Provided information:
----

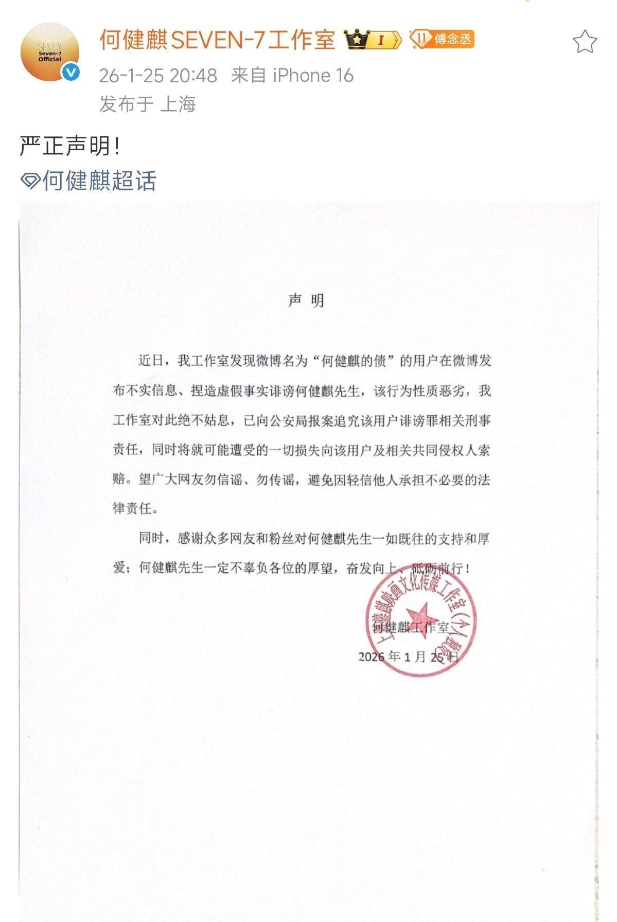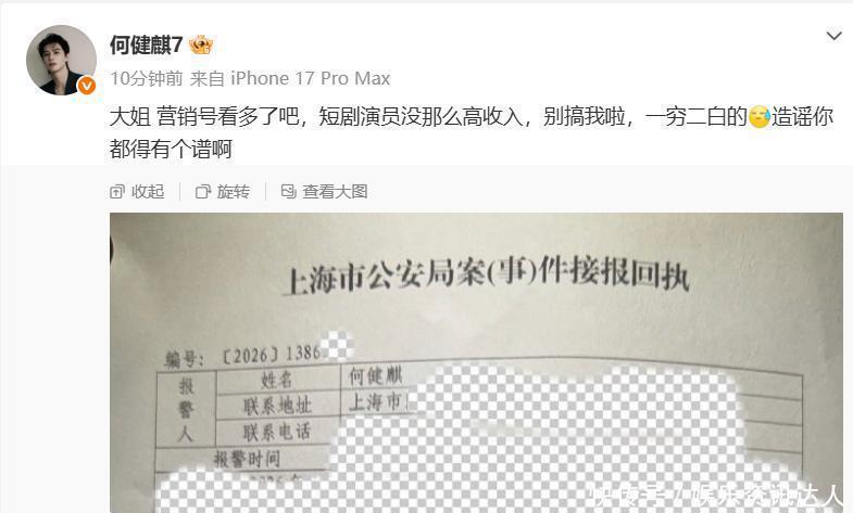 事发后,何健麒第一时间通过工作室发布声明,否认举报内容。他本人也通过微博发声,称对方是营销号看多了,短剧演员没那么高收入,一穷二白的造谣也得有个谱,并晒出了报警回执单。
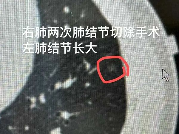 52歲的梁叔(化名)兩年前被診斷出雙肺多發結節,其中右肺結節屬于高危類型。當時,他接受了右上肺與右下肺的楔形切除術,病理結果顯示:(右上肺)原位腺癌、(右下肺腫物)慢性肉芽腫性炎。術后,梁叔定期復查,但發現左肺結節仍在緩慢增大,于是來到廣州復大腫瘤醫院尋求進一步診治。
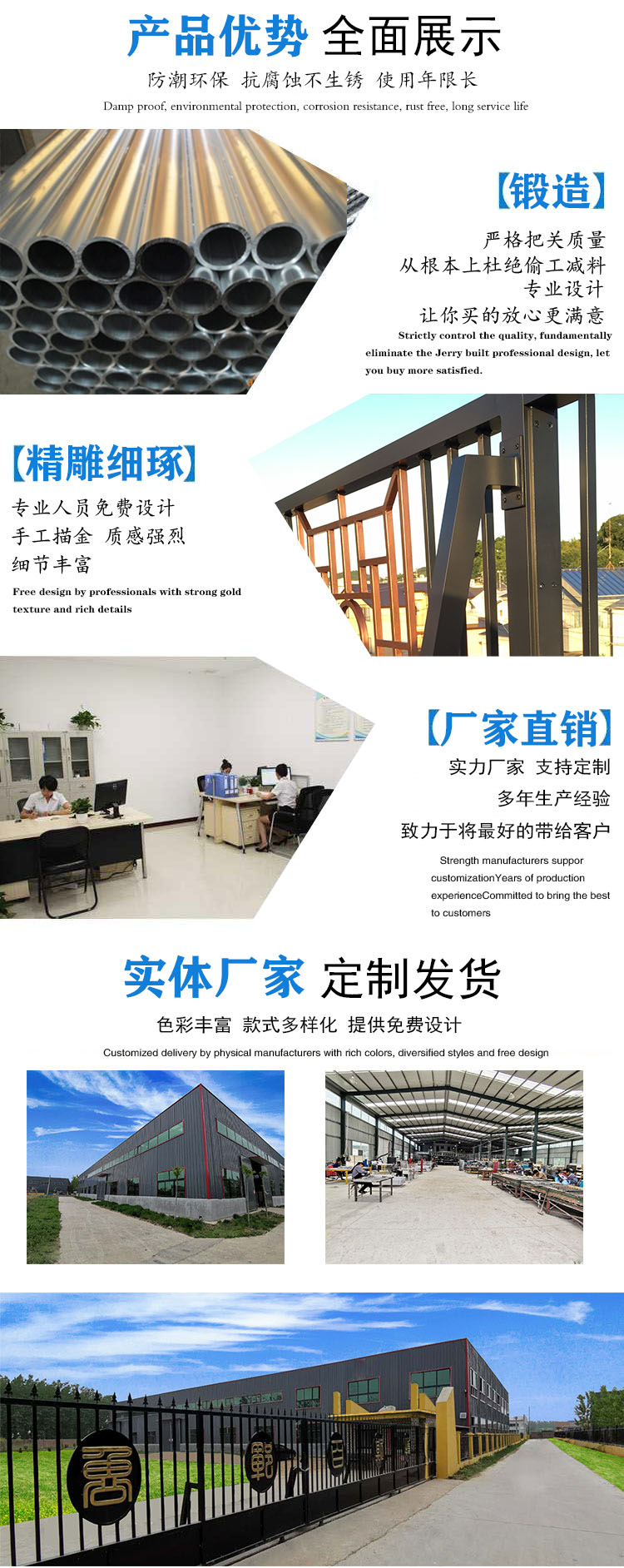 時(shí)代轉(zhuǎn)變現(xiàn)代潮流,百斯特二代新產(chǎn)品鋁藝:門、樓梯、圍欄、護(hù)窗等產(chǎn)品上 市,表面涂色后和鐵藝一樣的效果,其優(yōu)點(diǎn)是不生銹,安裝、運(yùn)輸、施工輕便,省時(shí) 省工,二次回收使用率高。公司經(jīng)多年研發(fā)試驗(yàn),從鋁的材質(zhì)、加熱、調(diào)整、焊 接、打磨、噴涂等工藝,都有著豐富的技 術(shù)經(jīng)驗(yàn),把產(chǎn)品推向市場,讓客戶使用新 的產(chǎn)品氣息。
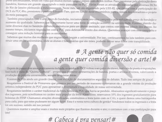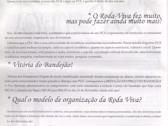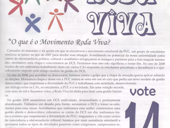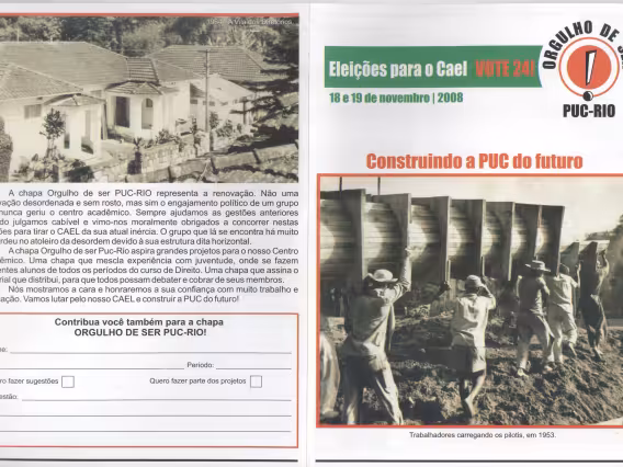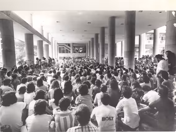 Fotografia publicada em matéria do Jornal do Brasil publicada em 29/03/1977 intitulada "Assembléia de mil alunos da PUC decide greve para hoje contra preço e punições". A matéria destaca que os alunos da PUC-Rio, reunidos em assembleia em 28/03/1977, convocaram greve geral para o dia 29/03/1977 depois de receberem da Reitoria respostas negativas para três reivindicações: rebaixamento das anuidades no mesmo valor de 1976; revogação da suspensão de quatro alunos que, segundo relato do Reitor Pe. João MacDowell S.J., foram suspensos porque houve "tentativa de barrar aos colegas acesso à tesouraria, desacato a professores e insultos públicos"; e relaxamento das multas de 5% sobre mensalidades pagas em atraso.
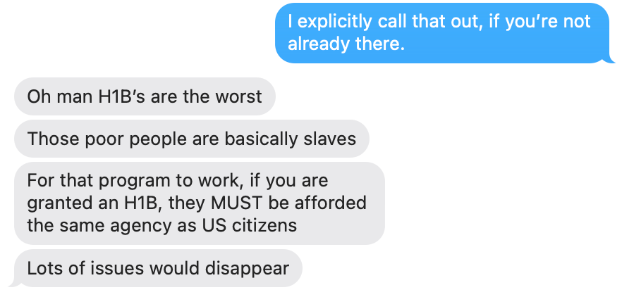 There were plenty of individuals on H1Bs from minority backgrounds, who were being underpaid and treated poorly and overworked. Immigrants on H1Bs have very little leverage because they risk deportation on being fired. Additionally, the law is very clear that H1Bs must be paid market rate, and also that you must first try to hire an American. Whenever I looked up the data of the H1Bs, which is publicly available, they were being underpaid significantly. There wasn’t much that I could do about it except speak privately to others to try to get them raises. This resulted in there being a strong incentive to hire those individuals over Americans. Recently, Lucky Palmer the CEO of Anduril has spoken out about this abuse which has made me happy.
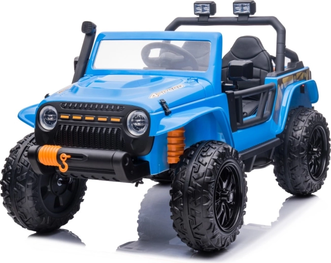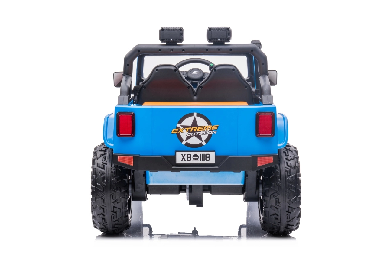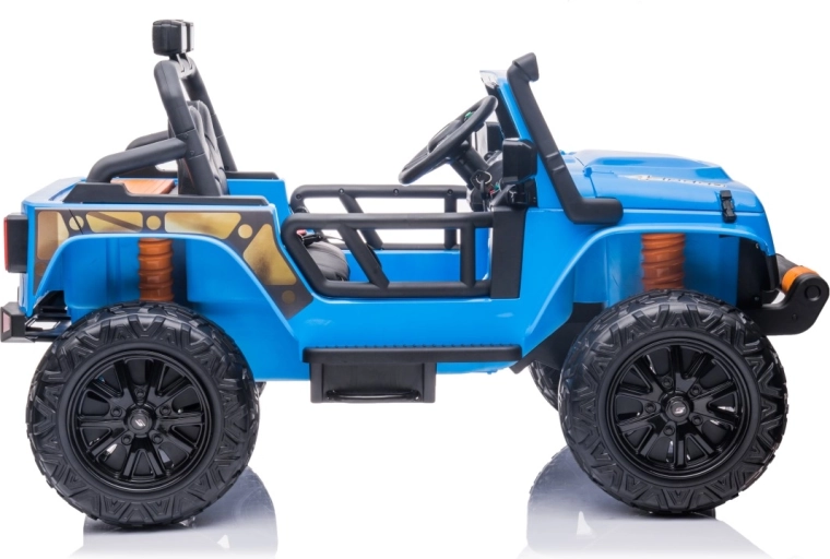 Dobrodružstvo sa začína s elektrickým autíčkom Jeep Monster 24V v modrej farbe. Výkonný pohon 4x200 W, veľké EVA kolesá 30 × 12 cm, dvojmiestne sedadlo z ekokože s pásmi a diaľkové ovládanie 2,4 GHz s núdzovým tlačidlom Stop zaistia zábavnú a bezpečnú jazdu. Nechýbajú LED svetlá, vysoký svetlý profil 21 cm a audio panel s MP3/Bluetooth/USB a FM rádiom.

----

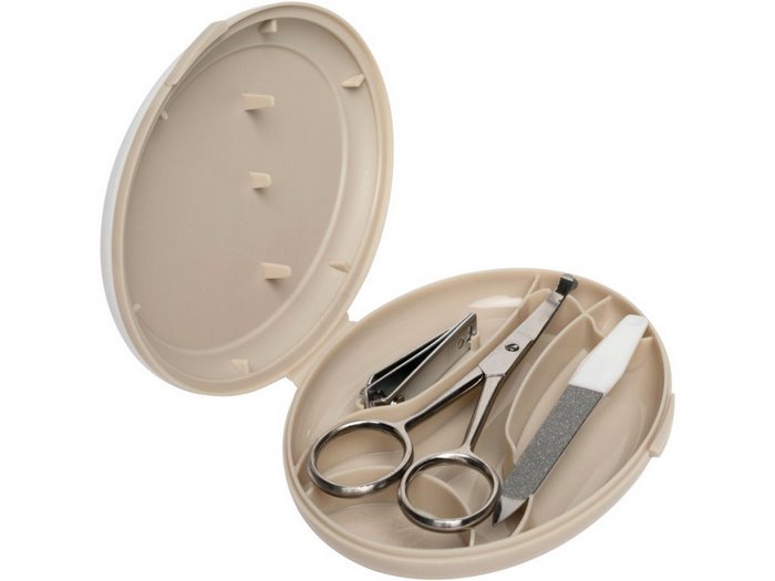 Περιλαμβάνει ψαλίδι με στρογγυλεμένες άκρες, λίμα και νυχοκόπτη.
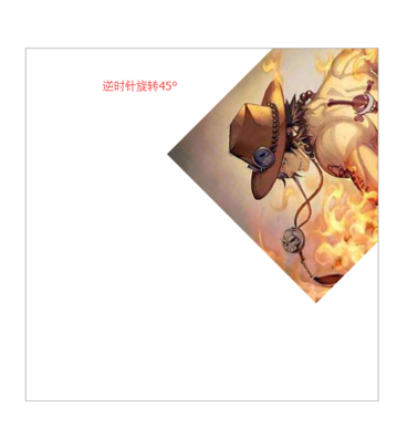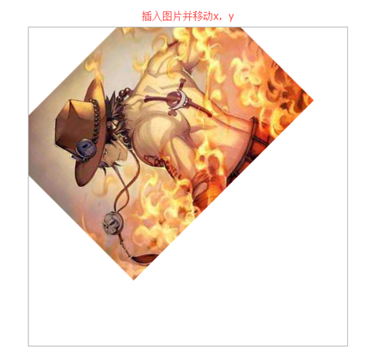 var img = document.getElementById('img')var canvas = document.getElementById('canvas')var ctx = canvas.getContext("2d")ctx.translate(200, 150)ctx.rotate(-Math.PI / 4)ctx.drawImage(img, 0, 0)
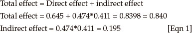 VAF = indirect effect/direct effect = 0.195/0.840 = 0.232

----

About this exercise: Word for word, repeat the lines above from the one with "var img = document.getElementById('img')var" through the one with "VAF = indirect", and nothing beyond them. Omit the pictures.

Result:
 var img = document.getElementById('img')var canvas = document.getElementById('canvas')var ctx = canvas.getContext("2d")ctx.translate(200, 150)ctx.rotate(-Math.PI / 4)ctx.drawImage(img, 0, 0)
 VAF = indirect effect/direct effect = 0.195/0.840 = 0.232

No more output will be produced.